Pakistan would therefore be able to once again play America and China off against one another in pursuit of the most advantageous deals, though the military-intelligence elite that run the show behind the scenes might not let these benefits trickle down to the people. As for Iran, it’ll naturally move closer towards India due to shared security concerns stemming from Pakistan, which are all the more acute from Delhi’s perspective due to its newfound troubles with Washington and closer US-Pakistani ties.

The North-South Transport Corridor (NSTC) between them and Russia, which also branches into Afghanistan and the Central Asian Republics, will become the focal point of their cooperation in this new era of strategic relations.
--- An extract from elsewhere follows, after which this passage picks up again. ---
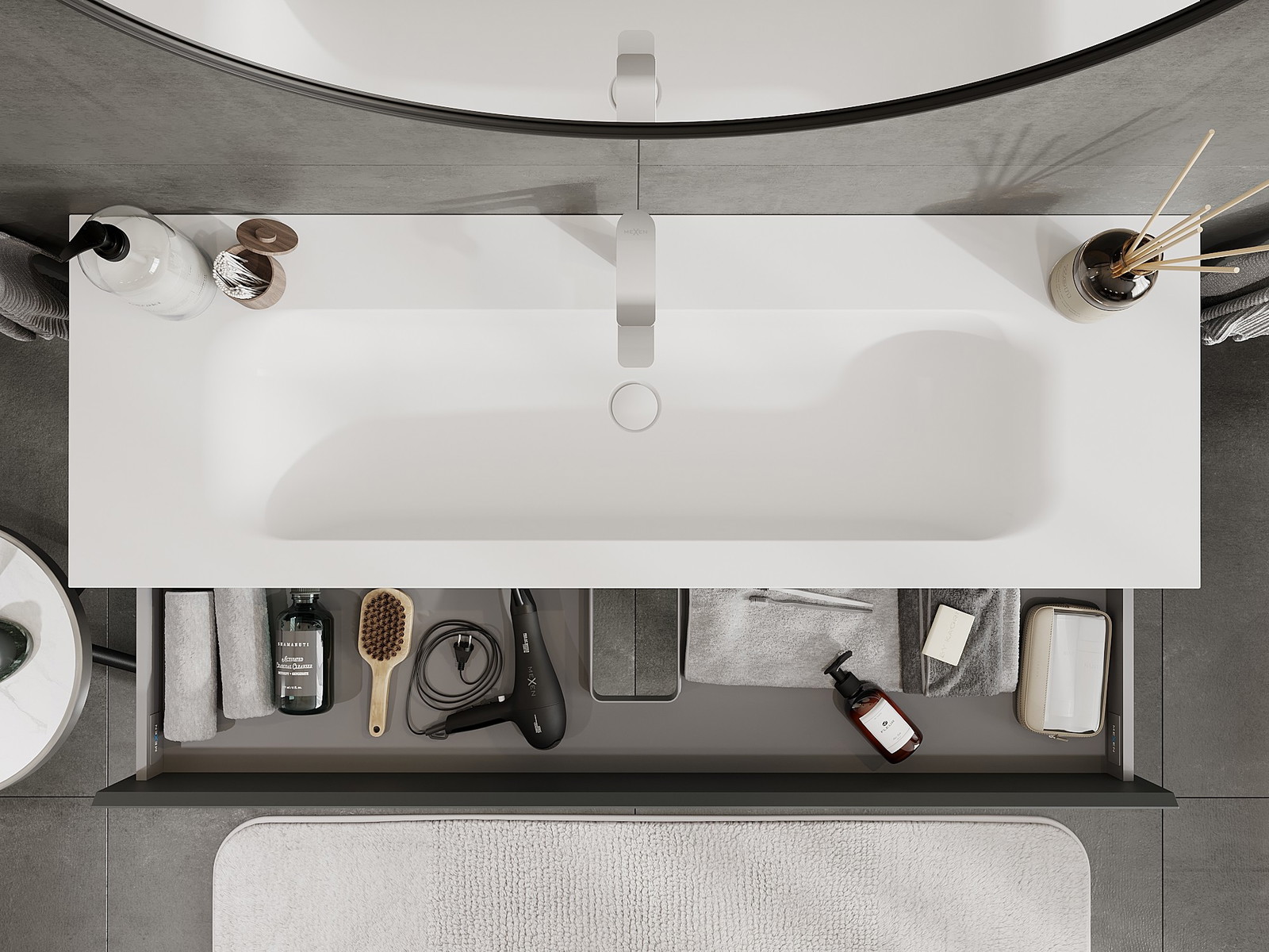 Výrez v zásuvke je navrhnutý tak, aby pojal sifón, ktorý je nevyhnutný v umývadlových inštaláciách. Vďaka tomu môže byť nábytok namontovaný plne funkčne, bez nutnosti vzdávať sa priestoru v zásuvke v prospech inštalácie.

China will continue investing in the CCAWAEC, but pouring money into CPEC will remain the priority if forced by limited financial means to choose between them in order to prevent Pakistan’s full-blown defection to the US and the emergence of a reliable American ally on its doorstep.

The Sino-Pakistani axis would be balanced out by the Indian-Russian-Iranian trilateral, which could help mitigate Indo-Pak, Sino-Indo, and Iranian-Pak tensions within the SCO. The NSTC and CPEC won’t compete with each other since they serve different markets and interests, but their previously expected convergence within Iran likely won’t happen for a while, if at all, Meanwhile, the CCAWAEC will continue being built, but perceived Chinese favoritism of Pakistan might lead to Iran prioritizing the NSTC instead.

Unless there’s an all-out conventional war between Iran and Pakistan, which isn’t expected unless their newly exacerbated but long-running security dilemma spirals out of control into one by miscalculation (perhaps due to US meddling), Eurasian integration won’t be dealt a deathblow. Nevertheless, very clear limits will be placed upon it as the SCO becomes further divided along yet another fault line, which will greatly impede multilateral cooperation and lead to even more dysfunction.